*** Block opens ***

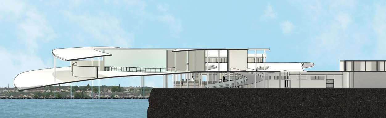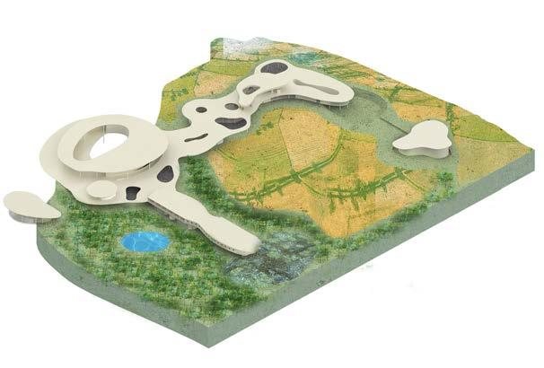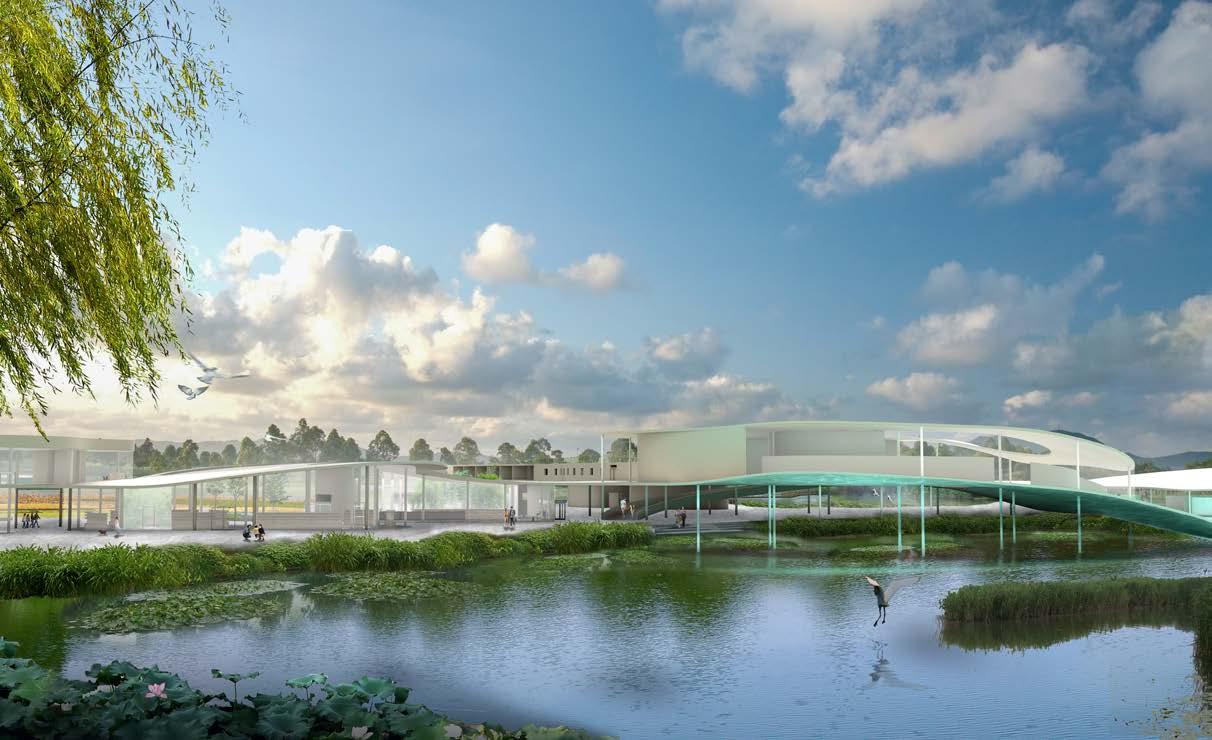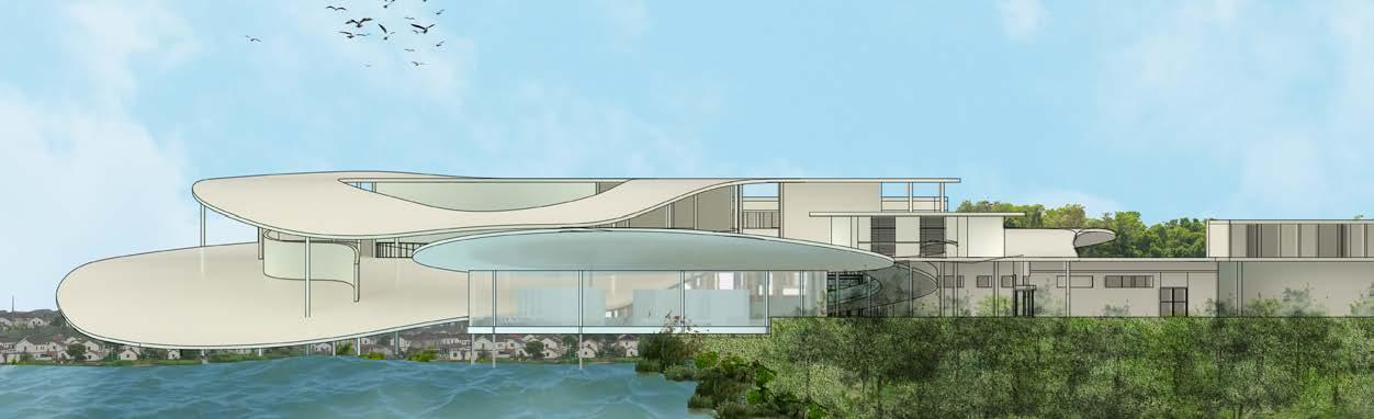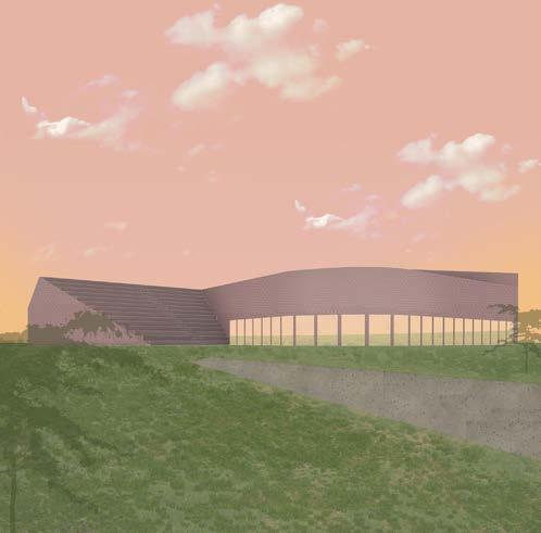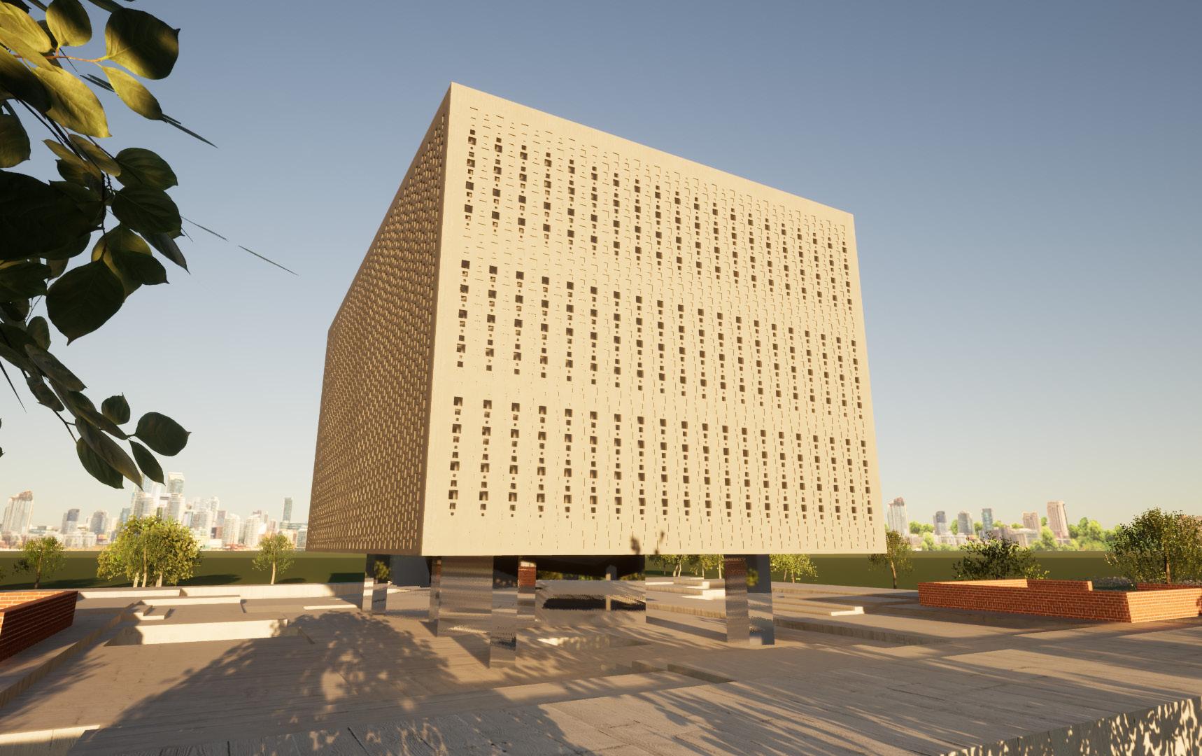 exterior render exterior render of the immediate site of the museum along with the museum itself, showcasing the materiality and facade design
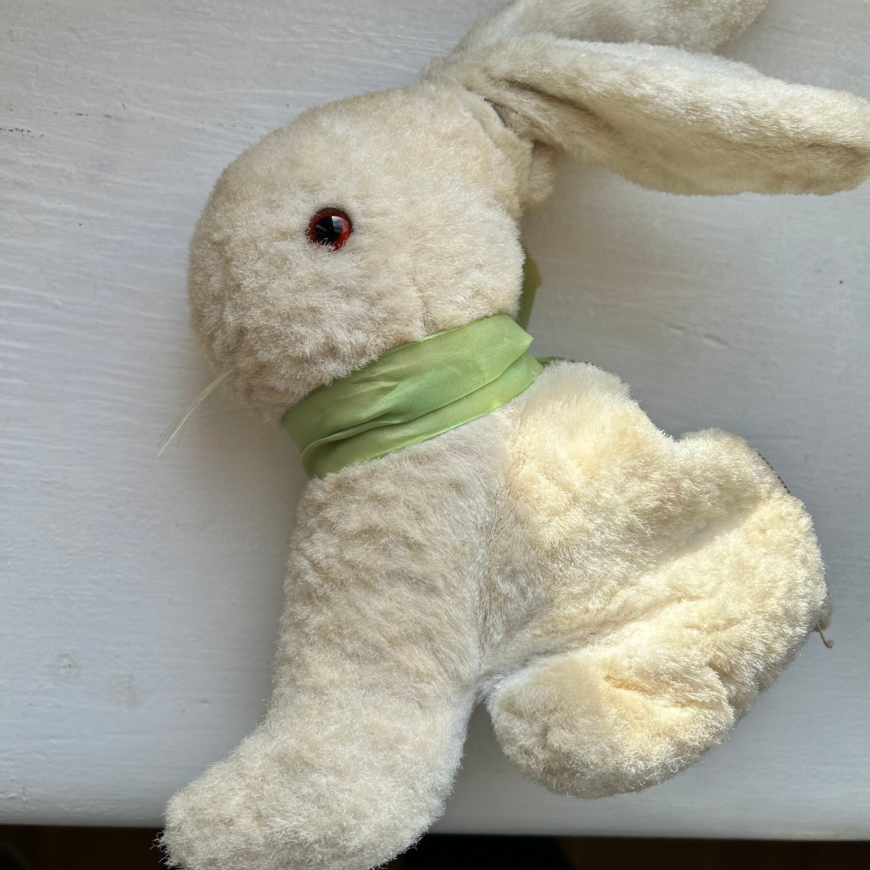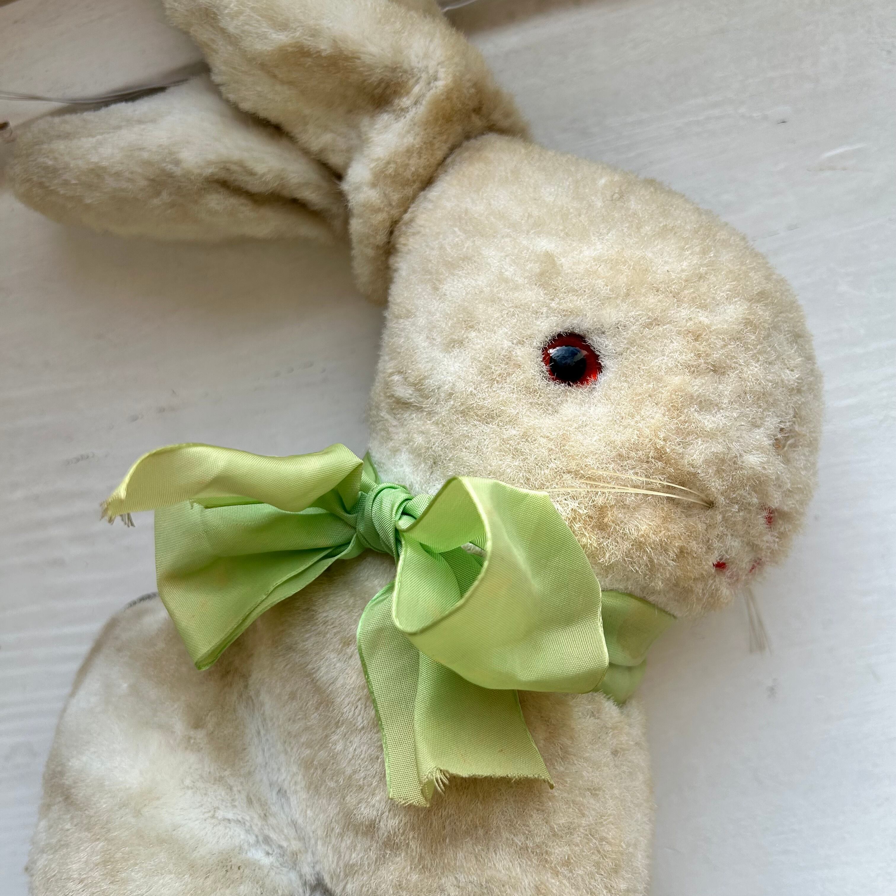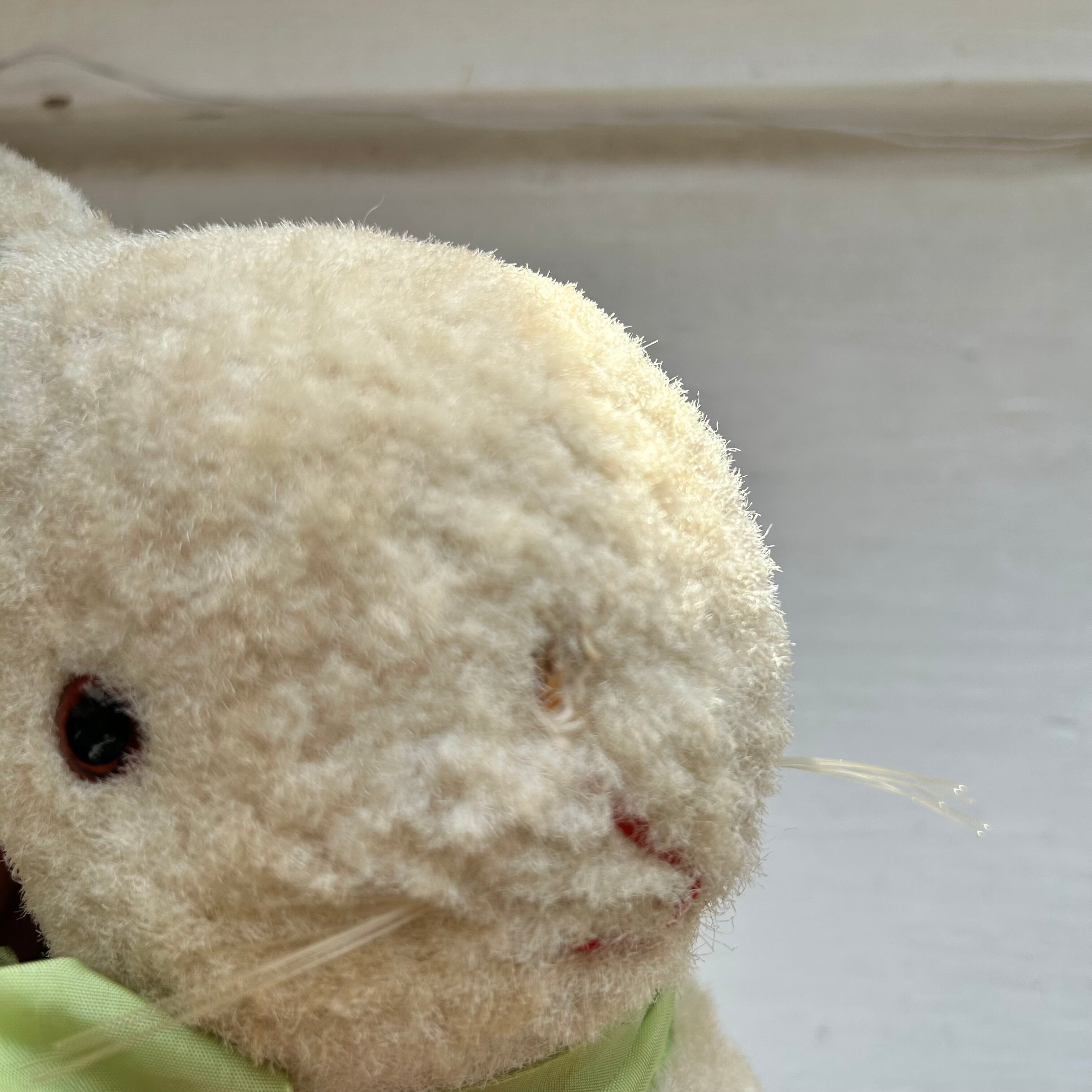 状態など:きれいな白が残っている耳の付け根やリボンの下と比べるとうっすらとした汚れが付いています。右側の鼻上に小さな穴があり、中の木毛が見えています(写真13,14)
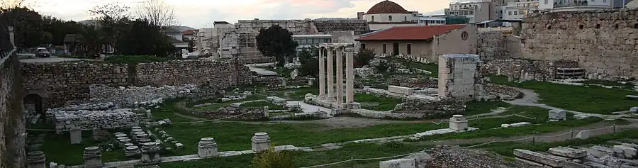 - Tsalkanis, Dimitrios. «Roman Market - Library of Hadrian». Ancient Athens 3D (en inglés). Archivado desde el original el 17 de julio de 2014.
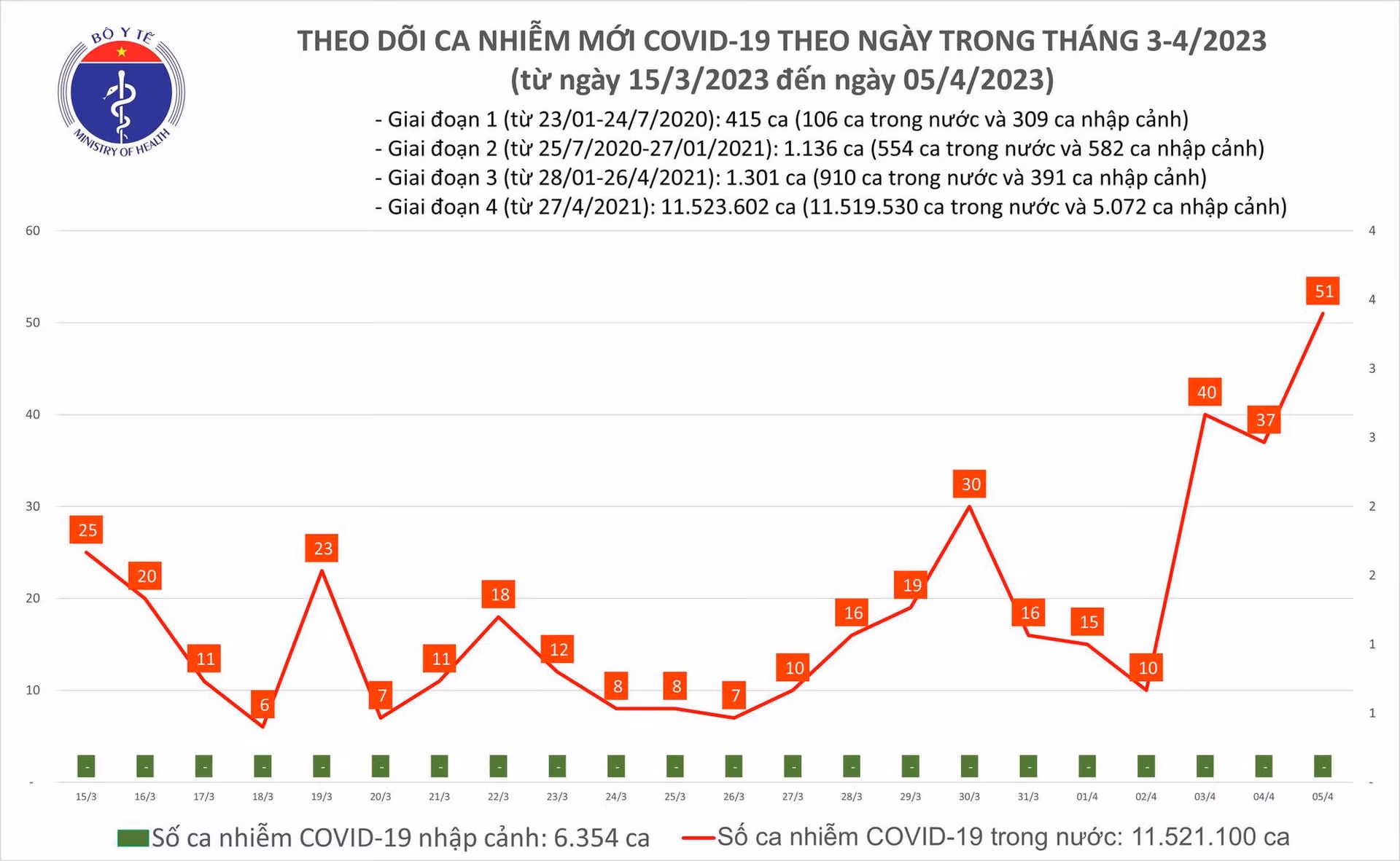 Bản tin phòng chống dịch Covid-19 ngày 5/4 của Bộ Y tế cho biết có 51 ca mắc Covid-19, cao nhất trong gần 2 tháng qua; trong ngày có 23 bệnh nhân khỏi; ca nặng tiếp tục tăng.
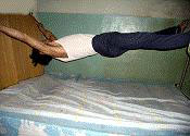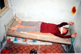 2002年4月5日,我被带到二楼的一间小屋里,只见屋里床上绑着一个人,四肢被紧紧拉在床四角,床上没有板,只有一块板垫着脖子,看样子已绑了很长时间,它们用电棍电他玩。

*** Block closes ***

▶ [Exercise prompt] Working down from the line with "Bản tin phòng", copy each line exactly until the last line of the entries, which is also included. Omit the pictures.

▶ [Written solution]
 Bản tin phòng chống dịch Covid-19 ngày 5/4 của Bộ Y tế cho biết có 51 ca mắc Covid-19, cao nhất trong gần 2 tháng qua; trong ngày có 23 bệnh nhân khỏi; ca nặng tiếp tục tăng.
 2002年4月5日,我被带到二楼的一间小屋里,只见屋里床上绑着一个人,四肢被紧紧拉在床四角,床上没有板,只有一块板垫着脖子,看样子已绑了很长时间,它们用电棍电他玩。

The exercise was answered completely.